Having not read any of the Harry Potter books, nor watched the films, we can't say we came to this with eager anticipation.  Rowling seems to have set her sights firmly on the crime genre now with her second outing as Robert Galbraith on the shelves, but between magic and murder came 'The Casual Vacancy', an adult lit fic novel that garnered fairly mixed reviews.

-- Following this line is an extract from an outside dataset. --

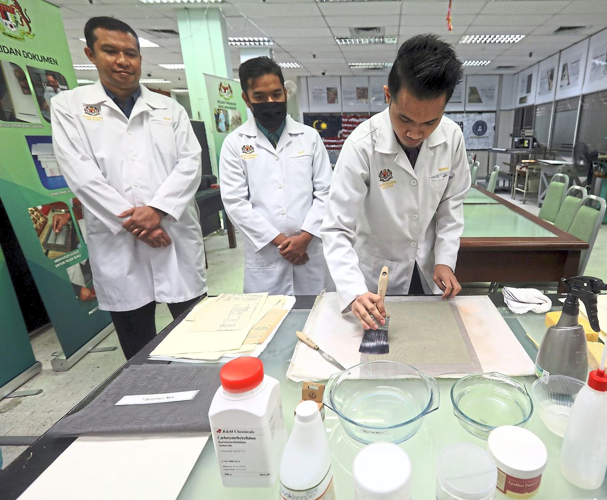 Archivists demonstrating how documents such as letters and files are repaired and restored. — Photos: AZLINA ABDULLAH/The Star

Pagford is a fictional Gloucestershire village... and a metaphor for the seething, grasping, petty bourgeoisie of modern middle-England, according to Rowling.  The first hour (of three) introduced us to the spread of characters from the rich Sweetloves ("My wife does fun runs... well she knows people who do") to young hotpants-wearing Krystal Weedon (Abigail Lawrie) whose big mouth and drug-addicted mother bring her nothing but trouble.  The catalyst for the action is the death of Parish Councillor Barry Fairbrother (Rory Kinnear) who opposed the development of a town spa as "social engineering".  His titular vacancy is now being fought over by the pro and anti-spa lobbies, in a way that will have the Daily Mail frothing about BBC Leftie Dramas and turning over to watch the Good Old Days of the Raj on Channel 4, or possibly the entrepreneurial (if American) spirit of Mr. Selfridge on ITV.

Did we like it?  It had its moments, inevitably with this calibre of cast, but overall its tone was uneven and its characters so stark as to be almost cliche.  No doubt TV producers thought the book was an obvious choice for an adaptation, but the novel is a long one, with plenty of room for nuance, and 180 minutes of television is not going to bring out the best in the material.  We felt bludgeoned by the juxtaposition of soft sandstone exteriors and modern social housing, and an incessant soundtrack.  Extremes exist, of-course, in real villages and towns, so it's quite a feat that this feels so unnatural.  Maybe it's the - it has to be said - Harry Potteresque nature of everyone so far.  The Mollisons (Michael Gambon and Julia McKenzie) are shallow, devious snobs while Fairbrother, whose online identity someone is appropriating (or are they?) to comment on the ongoing Pagford squabbles, was just trying to do the right thing for the locals, and his abused nephews.   We have the comically absurd plotting of the Councillors one minute and a toddler being neglected in a drug den the next.  The problem of being not-quite drama and not-quite comedy is that the social commentary comes across as rather blatant, and black and white worlds tend to make drab grey dramas.